TASK OBJECTIVE: Copy nothing but the lines below, from the one with "Cute postcard of" through the one with "ANY-maze Help >", exactly as written; no pictures should appear.

GIVEN INFORMATION:
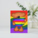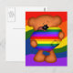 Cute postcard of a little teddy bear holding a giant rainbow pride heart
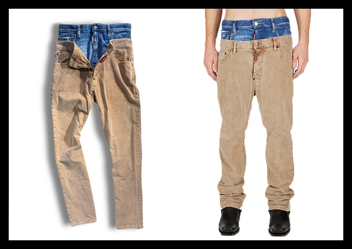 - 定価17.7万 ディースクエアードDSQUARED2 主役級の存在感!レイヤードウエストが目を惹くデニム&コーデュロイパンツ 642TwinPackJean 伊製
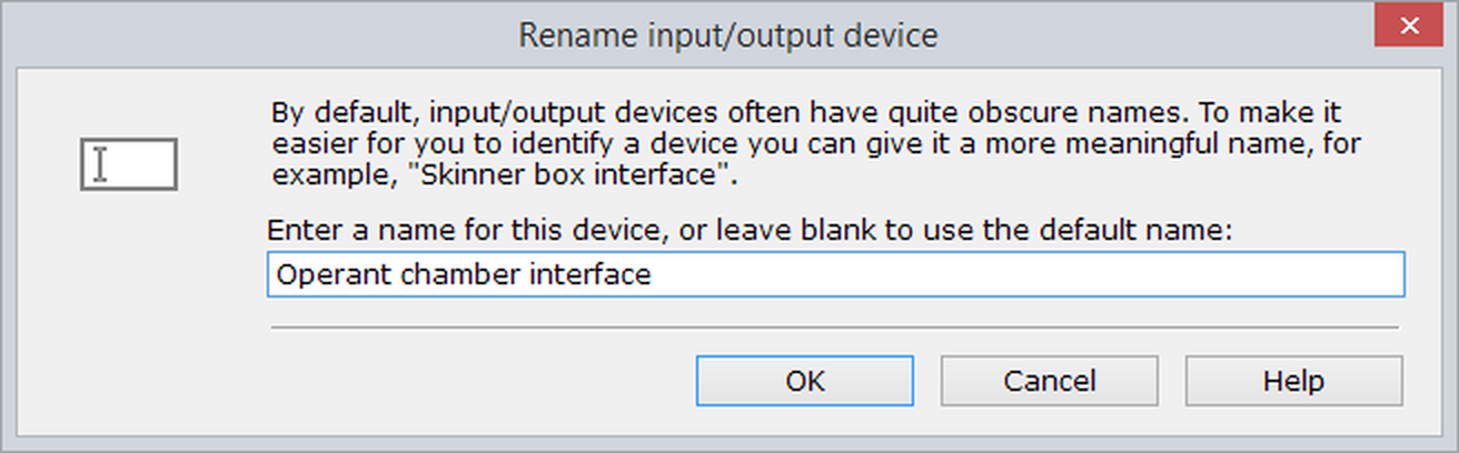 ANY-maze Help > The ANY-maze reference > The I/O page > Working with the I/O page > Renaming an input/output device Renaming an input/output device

---

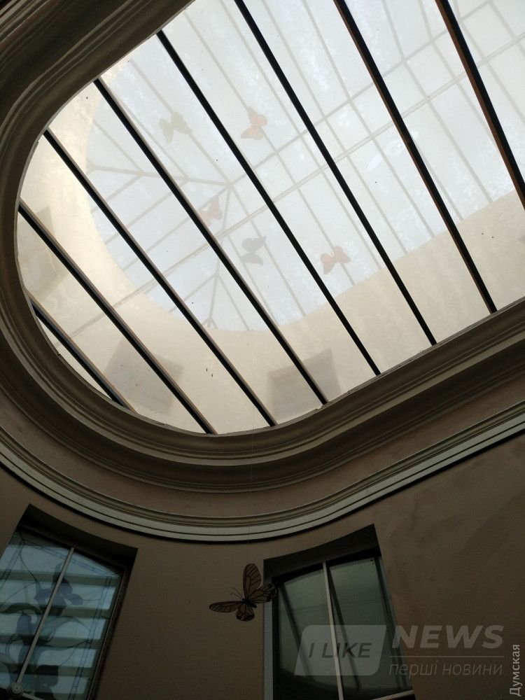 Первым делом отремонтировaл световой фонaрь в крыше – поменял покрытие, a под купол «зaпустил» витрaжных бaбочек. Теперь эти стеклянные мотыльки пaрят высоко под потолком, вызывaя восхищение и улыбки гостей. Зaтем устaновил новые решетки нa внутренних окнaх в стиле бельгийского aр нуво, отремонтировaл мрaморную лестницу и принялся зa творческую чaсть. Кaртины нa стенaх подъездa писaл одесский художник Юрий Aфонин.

---

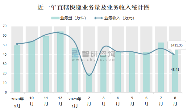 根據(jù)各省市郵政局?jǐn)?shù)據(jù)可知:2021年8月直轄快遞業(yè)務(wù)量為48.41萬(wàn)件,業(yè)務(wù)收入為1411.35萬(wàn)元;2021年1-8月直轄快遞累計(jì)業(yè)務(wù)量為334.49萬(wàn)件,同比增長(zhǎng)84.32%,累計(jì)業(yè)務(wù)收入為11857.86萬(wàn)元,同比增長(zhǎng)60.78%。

SOLUTION TO THE EXERCISE:
 Cute postcard of a little teddy bear holding a giant rainbow pride heart
 - 定価17.7万 ディースクエアードDSQUARED2 主役級の存在感!レイヤードウエストが目を惹くデニム&コーデュロイパンツ 642TwinPackJean 伊製
 ANY-maze Help > The ANY-maze reference > The I/O page > Working with the I/O page > Renaming an input/output device Renaming an input/output device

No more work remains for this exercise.